そうですね。中古の乗用車は海外のマーケットへすでに参入している企業が多くいますが、商用車であればまだ参入の余地があるんじゃないかと思っていて。最終的に目指すのは、「トラック王国に行けば、国内外問わずに商用車に関する悩み事を全て解決できる」ことです。
非常に壮大な目標ですが、御社なら実現できそうですね。最後になりますが、スマートドライブとのコラボレーションの可能性について伺えますか?

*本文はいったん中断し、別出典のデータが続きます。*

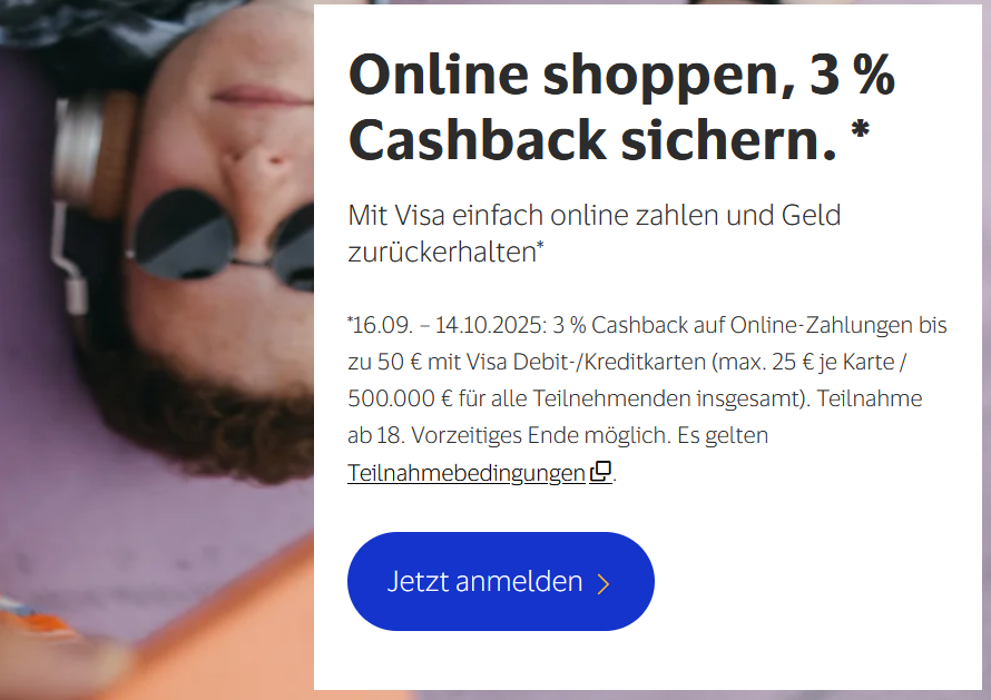 Visa hat heute wieder eine Cashback-Aktion aufgelegt. Als Inhaber einer deutschen Debit- oder Kreditkarte von Visa könnt ihr diesmal sogar 3% Cashback auf Onlinezahlungen erhalten (die letzten Aktionen gaben nur 2%). Dabei gelten aber wie üblich zwei wichtige Einschränkungen:

今後、私たちがプラットフォームビジネスを拡張していくうえで、協業やコラボレーションは欠かせないことです。私たちが独自に開発することもあるでしょうが、OEMやなにかのパッケージなど、積極的に触手を伸ばしていきたいと考えています。スマートドライブとのコラボで「SmartDrive for トラック王国」というサービスが立ち上がるかもしれないし、トラック王国に寄せられる困りごとが車両管理であれば、SmartDrive Fleetを紹介することもできるでしょう。または、御社が悩み事を解決するためのフロントマンになるとか。可能性が大きく広がっていきそうです。
最後に、読者に向けて一言お願いします。
中古商用車の売買に関しては、必ずご安心をいただける取引をさせていただきます。もし、売買に関する困りごとがあればトラック王国を思い出していただければ幸いです。あわせて、商用車にまつわる全ての課題を解決したいと思っていますので、困りごとがあればお気軽に相談くださいませ。
「世界中で働く人々の 笑顔 と 未来 を繋げよう」
このビジョンを掲げ、これからも挑戦を続けるNentrysにどうかご期待ください。